IJdelheid
Psalm 119:37
„Wend mijn ogen af, dat zij geen ijdelheid zien; maak mij levend door Uw wegen.”
Als een mens naar iets hunkert, wordt hij onrustig in zijn binnenste. De hovaardige en de geldgierige rusten nooit. De arme en de nederige van geest wandelen in volle vrede. De mens die nog niet volkomen in zichzelf gestorven is, wordt verzocht en overwonnen in kleine en niets beduidende dingen. Wie zwak is in de geest en nog enigermate vleselijk en overhellend tot zinnelijke dingen, kan zich moeilijk geheel losmaken van aardse begeerten. Daarom heeft hij zo dikwijls droefheid wanneer hij zich iets ontzeggen moet. Ook is hij snel misnoegd als iemand hem in de weg zit.
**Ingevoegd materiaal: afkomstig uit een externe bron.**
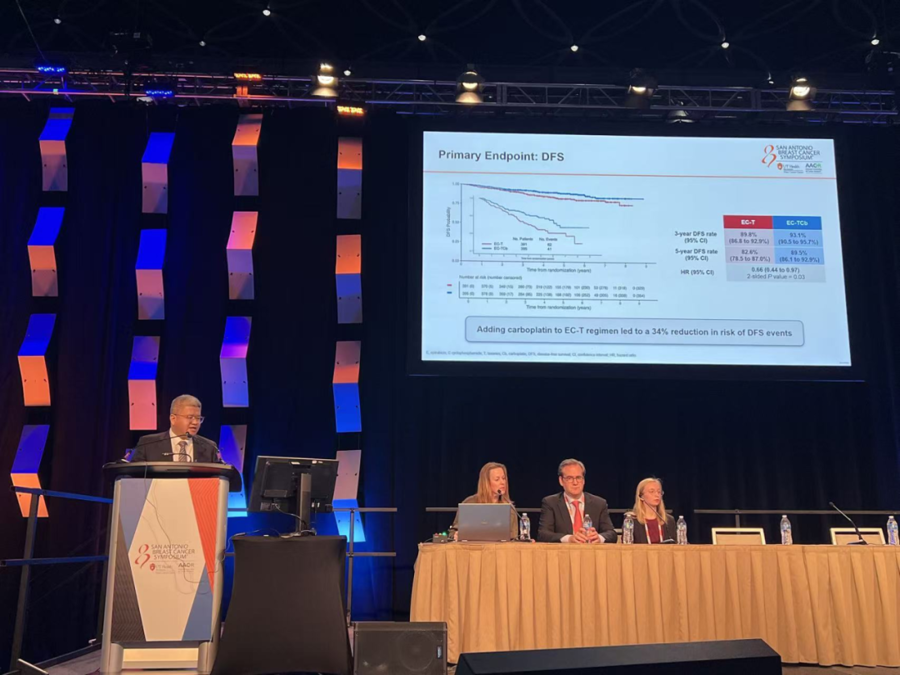 根据中位随访4.52年的结果显示,“瑞金方案”展现出卓越的临床疗效:加用卡铂后,显著降低三阴性乳腺癌术后复发风险34%,死亡风险61%,手术后3年无复发生存率为93.1%,无远处转移生存率为95.2%,总生存率达98.3%。并且,这个方案适用于绝大部分可手术的三阴性乳腺癌患者,加用铂类药物并未显著增加毒副反应,从而进一步支持了这一方案的有效性与安全性。

Heeft hij echter zijn begeerten gevolgd, dan wordt hij bezwaard door een schuldig geweten. Hij heeft zijn hartstocht ingewilligd, hoewel dat hem toch geen stap dichter bij de vrede brengt die hij zocht. Daarom, in de bestrijding van onze hartstochten wordt de ware vrede van het hart gevonden. Geen vrede is er dus in het hart van de vleselijke mens, noch in de mens die geheel opgaat in uitwendige dingen.